The questions that Kelly asked defendant could be asked lawfully in the context of any other citizen-police encounter, whether they took place in a suspect’s home, on the street, at the police station or in a public place. In addition, the facts of this case do not trigger any other policy concerns such as an unauthorized detention or restraint of liberty.2 When these facts are juxtaposed with the purpose of *195the statute (to permit prosecution of traffic violations without furnishing constitutional criminal procedural guarantees), there is no nexus. Because the majority’s result does not engage with the purpose of the statute, the majority has, in effect, created a new exclusionary rule by judicial fiat. Therein lies its error. It may be meritorious to be concerned about the psychological advantage that police may have when they ask questions outside the purview of a traffic investigation during a traffic stop. There also could be disagreement about whether public policy should permit the use of a lawful traffic stop as a springboard to inquire about matters such as possession of controlled substances or firearms. However, those are legislative concerns, and our authority is restricted to carrying out the legislative purpose for this statute. We are not authorized to insert into a statute what has been omitted. ORS 174.010. That is only for the legislature to do.

For that reason, I dissent.

As authority for its position in Bonham, the dissenting members relied on the holding in State v. Porter. However, their reliance was misplaced, because they failed to recognize that the facts in Porter implicated constitutional issues. That distinction is important because, had the Porter court upheld the officer’s search without probable cause under the statute, it would have run afoul of the constitutional prohibitions against unlawful searches and seizures. The legislature could not have intended that result.

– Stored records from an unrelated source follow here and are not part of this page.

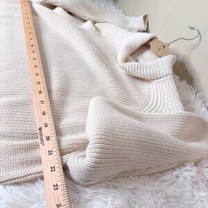 WVN Organic Cotton Neck Beige Chunky Knit Ribbed Turtleneck Sweater Medium
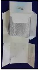 小盒透明紙材質(zhì)、包裝方式同條盒,拉帶頭為半橢圓形,位于正面左側(cè),順時針拉開。商標(biāo)紙為白卡紙,膠粘劑類型為白乳膠,兩側(cè)點(diǎn)陣膠。
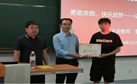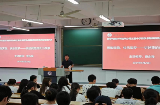 2024年5月29日,威廉希尔足球官网于江南校区1510教室举办了第三届中学数学卓越教师培养专题讲座第四讲。特邀请陕西省学科带头人、陕西省教学能手、安康市学科带头人、安康市名师大篷车讲师团成员、安康市共青团讲师、安康市“三区”人才支持计划骨干团队成员、安康市教体系统优秀党员、安康市初中数学课堂教学改革先进个人、安康市初中数学观摩研讨会说课一等奖、讲课一等奖获得者、安康市初级中学教师曹永程为中学数学卓越教师培养班员工带来以《勇敢奔跑,快乐追梦——讲述我的成长小故事》为题的报告,威廉希尔足球官网副经理徐龙华出席并主持此次讲座,鲁星星老师为曹永程老师颁发聘书。
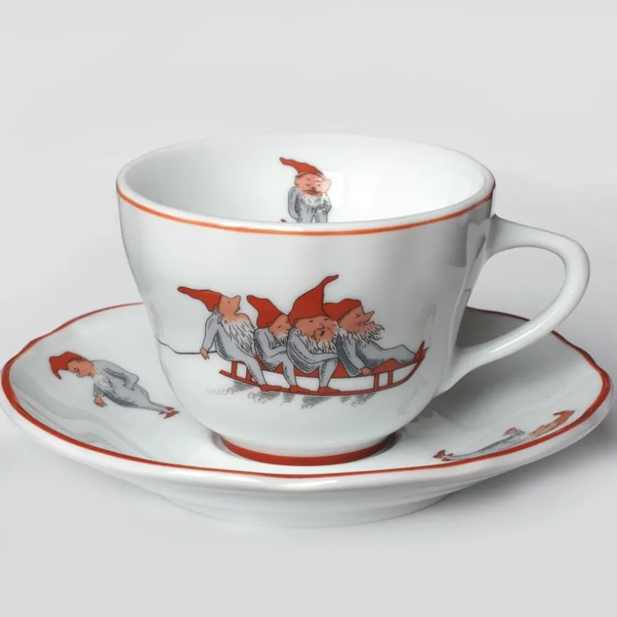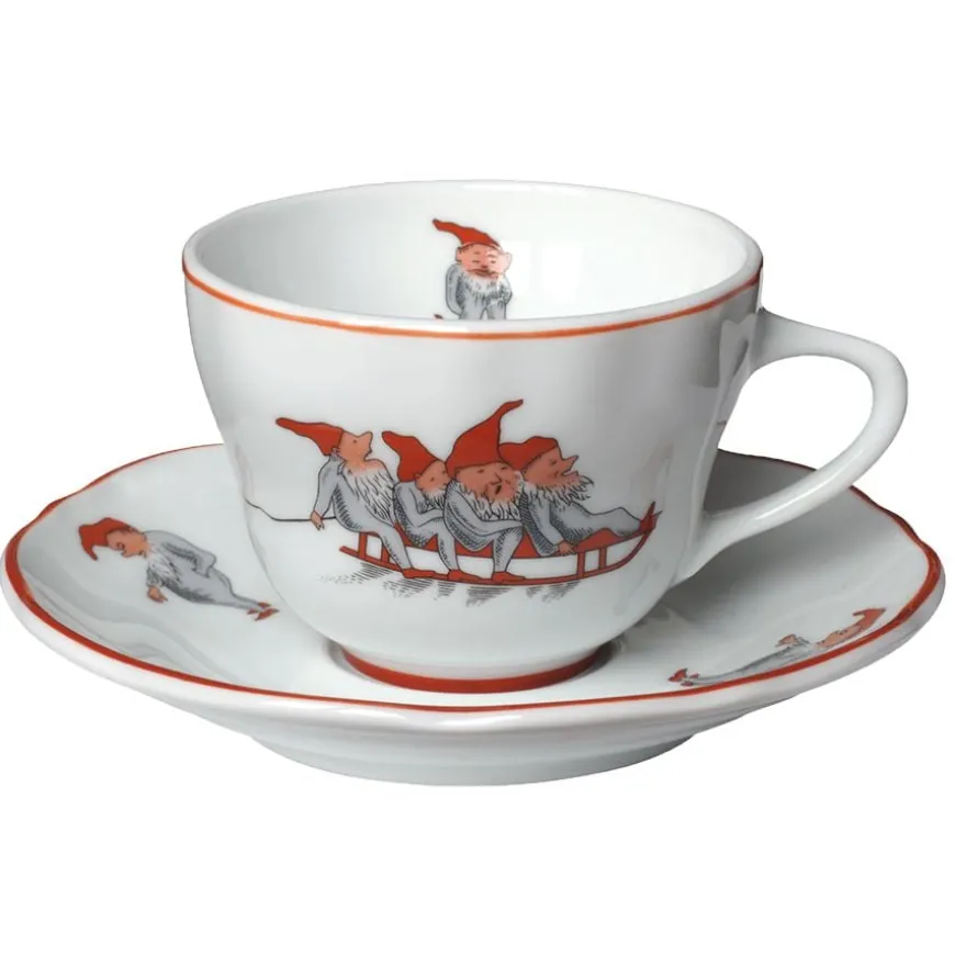 Koppen på 22 cl er en klassisk og fin kaffekopp, perfekt for en god kopp kaffe eller en liten kopp te. Den har en høyde på 6,55 cm, og skålen måler 14,1 cm i diameter. Denne søte koppen med skål passer perfekt inn i juleselskapet eller til daglig bruk. Nisseillustrasjonene gir et lekent preg som birdrar til ekstra stemning. Koppen kommer også i en litt mindre versjon på 15 cl, perfekt til en liten kaffetår eller en espresso.
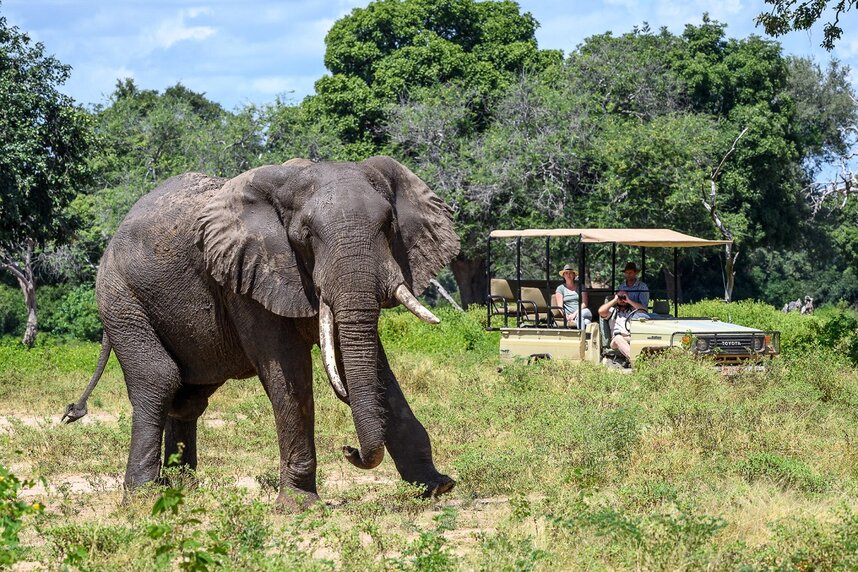 Am mächtigen Zambezi Fluss gelegen befindet sich im Mana Pools Nationalpark das John’s Camp. Hier können Sie im Herzen des Sambesitales die einzigartige Natur bestaunen und vier der fünf "Big Five" in ihrer natürlichen Umgebung erleben. Der zentrale Essbereich, wo Sie ihr Abendessen unter freiem Himmel am Lagerfeuer genießen können, befindet sich in der Mitte des Camps umsäumt von schattenspendenden Bäumen. Darüber hinaus verfügt das Camp über eine erhöhte Aussichtsplattform, auf der Sie tagsüber die Flora und Fauna beobachten, und nachts den Sternenhimmel Simbabwes bewundern können. Sie starten Ihre Safaritage zum Sonnenaufgang und erkunden den Busch zu Fuß oder mit dem Fahrzeug. Alternativ kann am Flussufer geangelt werden. Pro Tag stehen zwei Aktivitäten auf dem Programm. Im Mana Pools Nationalpark sind neben einer Vielzahl von Wildtieren auch über 350 Vogelarten beheimatet.
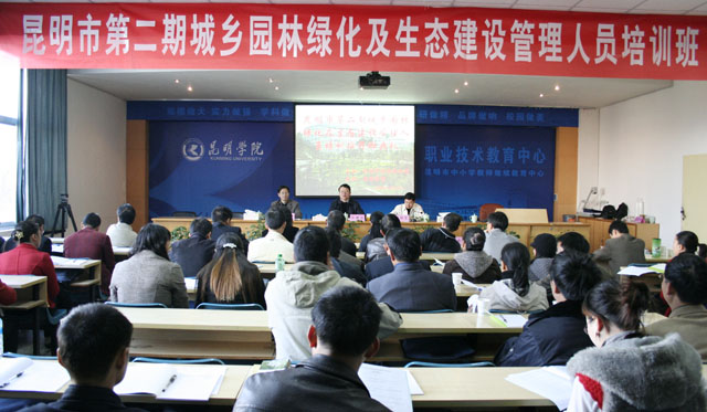由永利集团3044官网欢迎您与昆明市园林绿化局联合举办的“昆明市城乡园林绿化及生态建设管理人员培训班”第二期培训开班仪式,于12月14日在我院昆师路校区举行。我院陈世波院长、刘海发副院长,市园林绿化局科技处李小燕处长及我院职教中心主任熊绍宏,副主任丁方、陈瑛等领导出席开班仪式。开班仪式由我院刘海发副院长主持。 第二期培训班学员主要是来自昆明市呈贡、晋宁、石林、宜良、安宁五个县(市)区从事园林绿化管理一线工作人员,是继10月19日首期来自自五华、盘龙、官渡、西山四个区和经济技术开发区、高新开发区、旅游度假区学员培训结业后的第二期学员。

In contrast, the holdings in Farley, Porter and Dominguez-Martinez all implicate constitutional concerns because the facts in those cases constituted unlawful restraints of liberty or as in Porter, an unlawful search. The actions of the officers in those cases were inconsistent with the legislative purpose of the statute to confine traffic investigations to conduct other than that which could trigger the full quiver of criminal procedural rights.